Actually, it was a village of Dhatri-Dai. In this sense, the place was named Dhatrigram (Dhaigaon). This seems more reasonable. Again, a recent researcher has removed the meaning of the word ‘Dhatri’ from ‘Bahera=Boyara’ and found that the place was a forest of ‘Bahera’ trees, in this sense, the name of this place was Dhatrigram. He has tried to establish this opinion.

==History==
Dhatrigram responded warmly to the movement against partition of Bengal in 1905. Many people in the town had close links with Kolkata and the liberal trend then affecting the metropolis flowed into this small town for many years.

==Geography==

===Location===
Dhatrigram is located on the agriculturally rich alluvial plains between the Bhagirathi, Ajay and Damodar rivers. Temperatures in this region varies from 17 to 18 °C in winter to 30-42 °C in summer.

===Urbanisation===
87.00% of the population of Kalna subdivision live in the rural areas. Only 13.00% of the population live in the urban areas. The map alongside presents some of the notable locations in the subdivision. All places marked in the map are linked in the larger full screen map.

==Demographics==
As per the 2011 Census of India Dhatrigram had a total population of 9,951, of which 5,137 (52%) were males and 4,814 (48%) were females. Population below 6 years was 826. The total number of literates in Dhatrigram was 7,704 (84.43% of the population over 6 years).

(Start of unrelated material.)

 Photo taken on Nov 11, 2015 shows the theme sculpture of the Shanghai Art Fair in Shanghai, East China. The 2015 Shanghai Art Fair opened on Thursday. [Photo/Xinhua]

As of 2001 India census, Dhatrigram had a population of 9,609. Males constitute 52% of the population and females 48%. Dhatrigram has an average literacy rate of 68%, higher than the national average of 59.5%: male literacy is 76% and, female literacy is 60%. In Dhatrigram, 11% of the population is under 6 years of age.

==Economy==
It is a weaving centre with a name for cotton and silk saris.

About 32,00,000 people commute daily from around the city to Kolkata. Thirty-eight trains transport commuters from 45 stations in the Howrah-Katwa section.

==Infrastructure==
As per the District Census Handbook 2011, Dhatrigram covered an area of 2.6 km^{2}. It had 1.2 km roads. Amongst the medical facilities, the nearest nursing home was 7 km away and the nearest veterinary hospital was 7 km away. It had 2 primary schools. The nearest secondary school was 1.5 km away at Gram Kalna and the nearest senior secondary school was 13 km away at Kalna.

==Transport==
Dhatrigram railway station is 91 km from Howrah and situated on the Bandel-Katwa Branch Line.

==Education==
Dhatrigram has many primary and two higher secondary schools
1. Dhatrigram High School
2. Dhatrigram Balika Vidyalaya
3. Gramkalna High School.

==Culture==
Saraswati & Jagatdhatri Puja is celebrated in Dhatigram and many cultural programmes are held during this occasion.